Thursday, July 09, 2026

The Joy of Six 1545

"Progressive politicians must see social media as a means to an end. If they’re swallowed by social media, they’ll lose their moral core. What’s more – and much worse – making social media the training school of modern politics risks giving a megaphone to fascists and racists who are able to preach their gospel of hate to millions without interruption." Sam Bright on the curse of influencer-politicians.

Jack Dyson reports on the consequences of falling school rolls. One in three councils expect more than a fifth of primary school places will be unfilled next year. 

"We used to think AI-generated fiction would always be obvious, and we were not prepared. Over the coming years, agents, editors, and slush readers at every level are going to need to educate themselves on how AI writes." Bona Books inadvertently bought a short story written by Artificial Intelligence for an anthology of queer speculative fiction.

Jennifer Davey offers a short round up of football-related contributions to Hansard over the years.

Malcolm Pein, the English Chess Federation’s delegate to the game's governing body FIDE and a candidate for its next deputy president, is interviewed about the long fight to break Russia's political grip on chess: "Russia has basically hijacked FIDE – just go to the FIDE website and look at where the employees come from: Russian head of PR, Russian head of legal and so on."

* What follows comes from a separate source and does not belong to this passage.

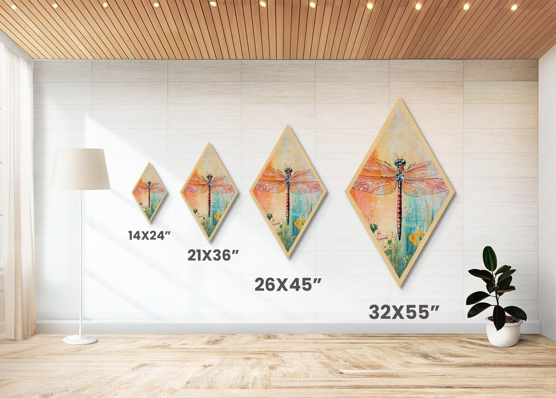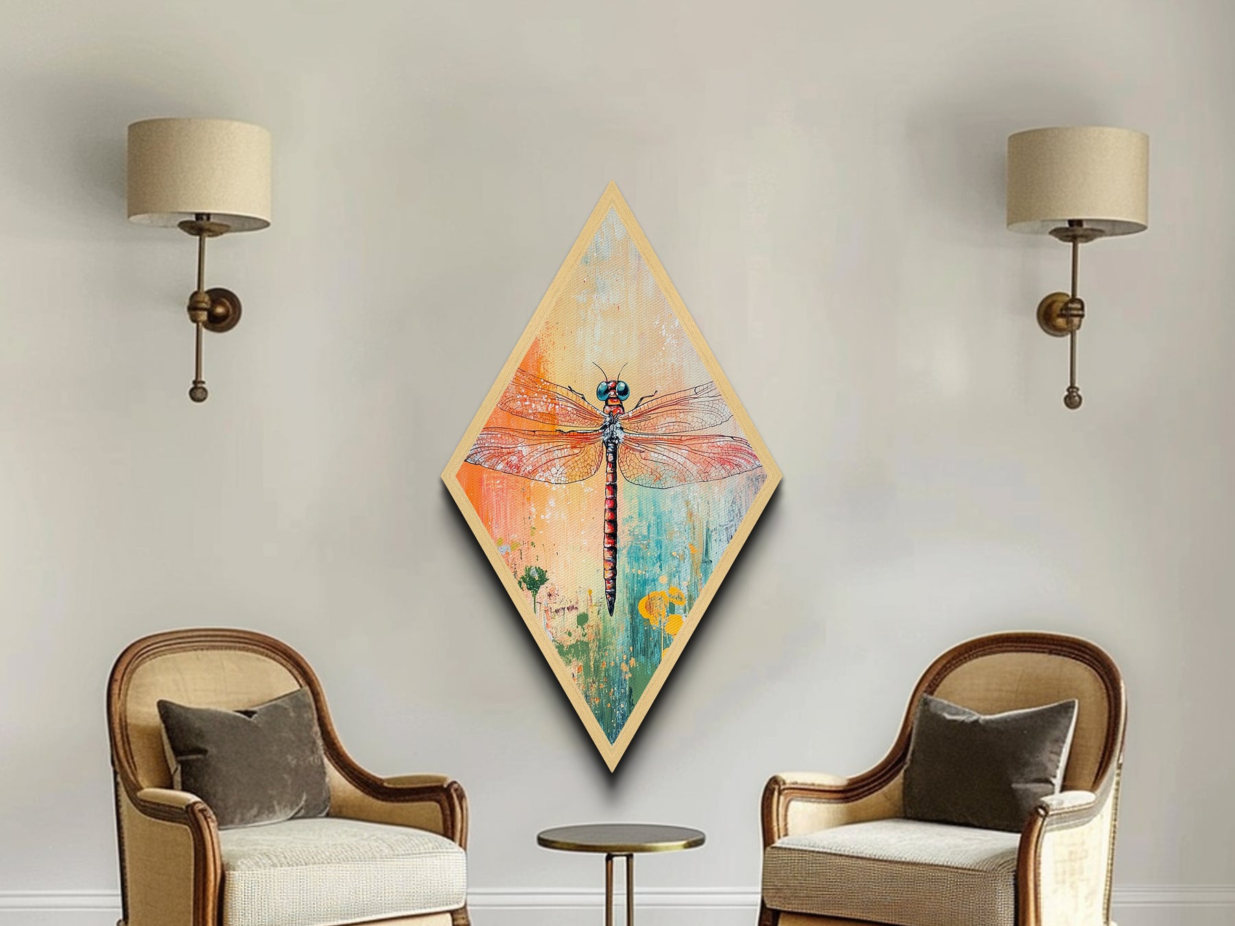 Colorful Dragonfly Closeup Diamond Shaped Canvas Textured Print, Boho Insect Wall Art, Nature Illustration, Bug Lover Gift Idea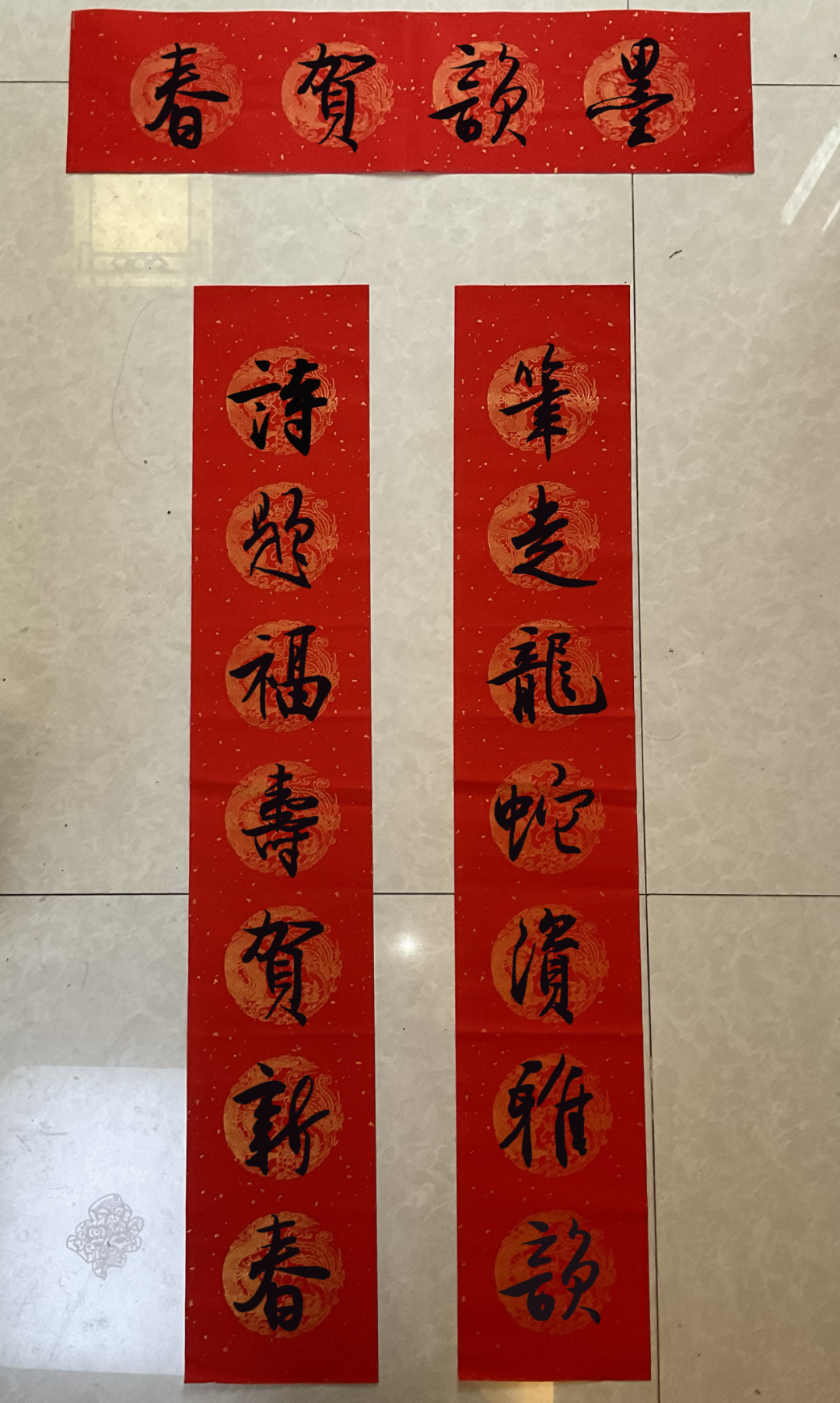 一幅幅精美的春联作品,表达了同学们对蛇年新春的祈盼与祝福。

"This is as much a novel of working class intellectualism (Hamer deploys a quotation from Macbeth without ostentation) as it is about the compromises of electoral politics. Shawcross and his children want comfort and security and health, but they also want the fruits of the knowledge and experience held by this culture that has turned them into marginal drudges of the machine age." With the accession of Andy Burnham imminent, Discontinued Notes looks again at the work of Howard Spring, 'the Dickens of Manchester'.